**What the exercise asks:**
Please return every entry below exactly as written, without any of its pictures.

**Source data:**
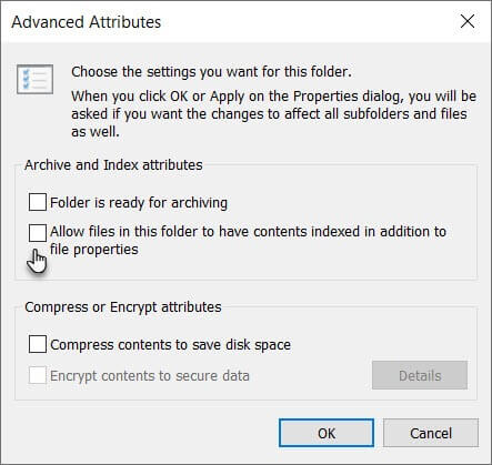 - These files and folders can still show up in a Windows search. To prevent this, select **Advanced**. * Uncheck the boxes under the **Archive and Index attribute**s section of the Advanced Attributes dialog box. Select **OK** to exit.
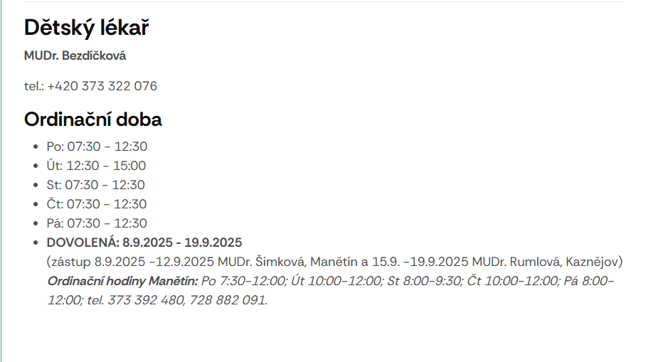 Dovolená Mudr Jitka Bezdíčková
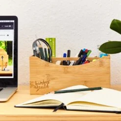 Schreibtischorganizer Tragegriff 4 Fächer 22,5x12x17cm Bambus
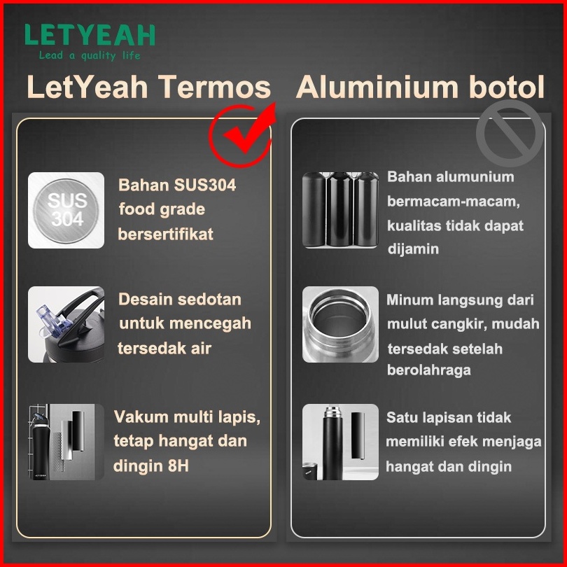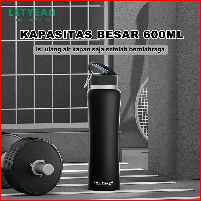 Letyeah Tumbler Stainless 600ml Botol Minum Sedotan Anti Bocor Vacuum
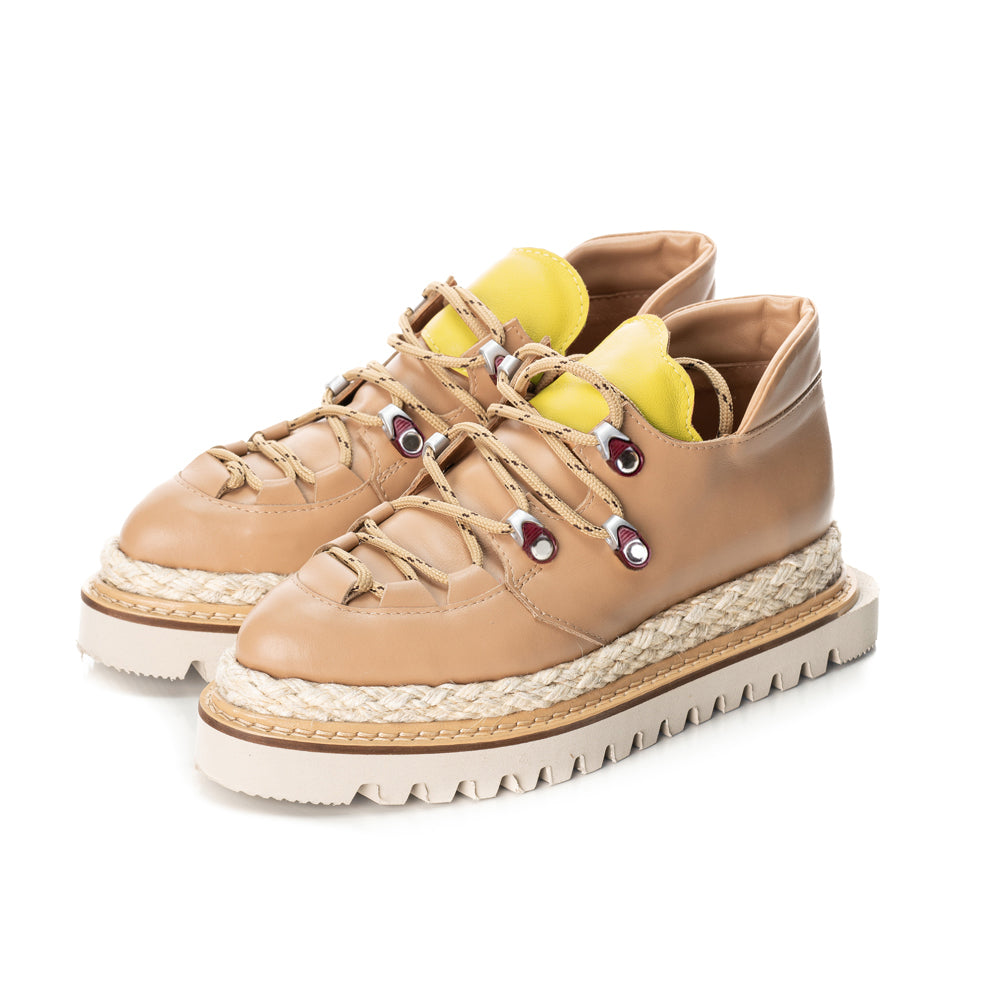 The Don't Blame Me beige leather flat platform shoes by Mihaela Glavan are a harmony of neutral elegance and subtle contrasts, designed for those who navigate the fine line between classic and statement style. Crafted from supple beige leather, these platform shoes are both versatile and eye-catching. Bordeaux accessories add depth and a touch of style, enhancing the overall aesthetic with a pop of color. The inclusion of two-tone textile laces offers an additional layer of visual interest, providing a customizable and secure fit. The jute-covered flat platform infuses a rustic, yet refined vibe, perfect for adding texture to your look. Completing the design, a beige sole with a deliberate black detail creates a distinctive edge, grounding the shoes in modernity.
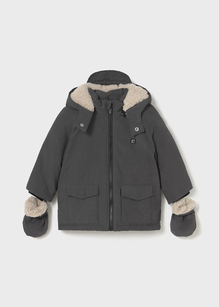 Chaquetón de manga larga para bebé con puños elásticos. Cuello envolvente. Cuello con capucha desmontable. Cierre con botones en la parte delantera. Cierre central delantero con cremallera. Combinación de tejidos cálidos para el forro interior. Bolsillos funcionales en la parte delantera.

**Written solution:**
 - These files and folders can still show up in a Windows search. To prevent this, select **Advanced**. * Uncheck the boxes under the **Archive and Index attribute**s section of the Advanced Attributes dialog box. Select **OK** to exit.
 Dovolená Mudr Jitka Bezdíčková
 Schreibtischorganizer Tragegriff 4 Fächer 22,5x12x17cm Bambus
 Letyeah Tumbler Stainless 600ml Botol Minum Sedotan Anti Bocor Vacuum
 The Don't Blame Me beige leather flat platform shoes by Mihaela Glavan are a harmony of neutral elegance and subtle contrasts, designed for those who navigate the fine line between classic and statement style. Crafted from supple beige leather, these platform shoes are both versatile and eye-catching. Bordeaux accessories add depth and a touch of style, enhancing the overall aesthetic with a pop of color. The inclusion of two-tone textile laces offers an additional layer of visual interest, providing a customizable and secure fit. The jute-covered flat platform infuses a rustic, yet refined vibe, perfect for adding texture to your look. Completing the design, a beige sole with a deliberate black detail creates a distinctive edge, grounding the shoes in modernity.
 Chaquetón de manga larga para bebé con puños elásticos. Cuello envolvente. Cuello con capucha desmontable. Cierre con botones en la parte delantera. Cierre central delantero con cremallera. Combinación de tejidos cálidos para el forro interior. Bolsillos funcionales en la parte delantera.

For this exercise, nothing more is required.